* **Problem statement**
Write out exactly the lines from the one containing "Erinomaisen medianäkyvyyden ansiosta" to the end of the material, both ends included, and nothing else. Leave pictures out.

* **Data below**
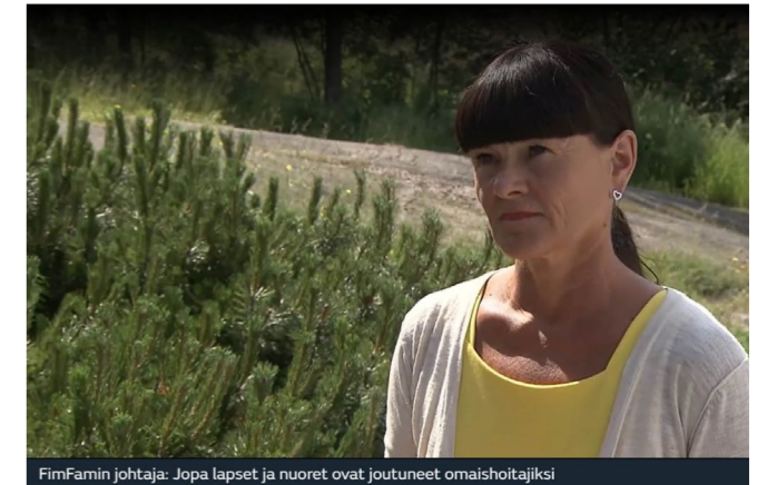
FinFamin johtaja: Jopa lapset ja nuoret ovat joutuneet omaishoitajiksi

Erinomaisen medianäkyvyyden ansiosta järjestö onnistui lisäämään tietoa mielenterveysomaisten arkeen liittyvistä ajankohtaisista teemoista ja koko järjestökentän tarjoamasta tuesta.
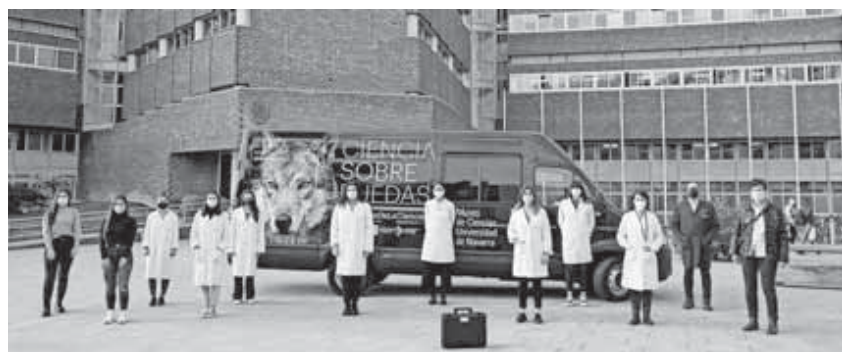
Los científicos y divulgadores, con la furgoneta con la que visitarán los colegios.

* **Exercise response**
Erinomaisen medianäkyvyyden ansiosta järjestö onnistui lisäämään tietoa mielenterveysomaisten arkeen liittyvistä ajankohtaisista teemoista ja koko järjestökentän tarjoamasta tuesta.
Los científicos y divulgadores, con la furgoneta con la que visitarán los colegios.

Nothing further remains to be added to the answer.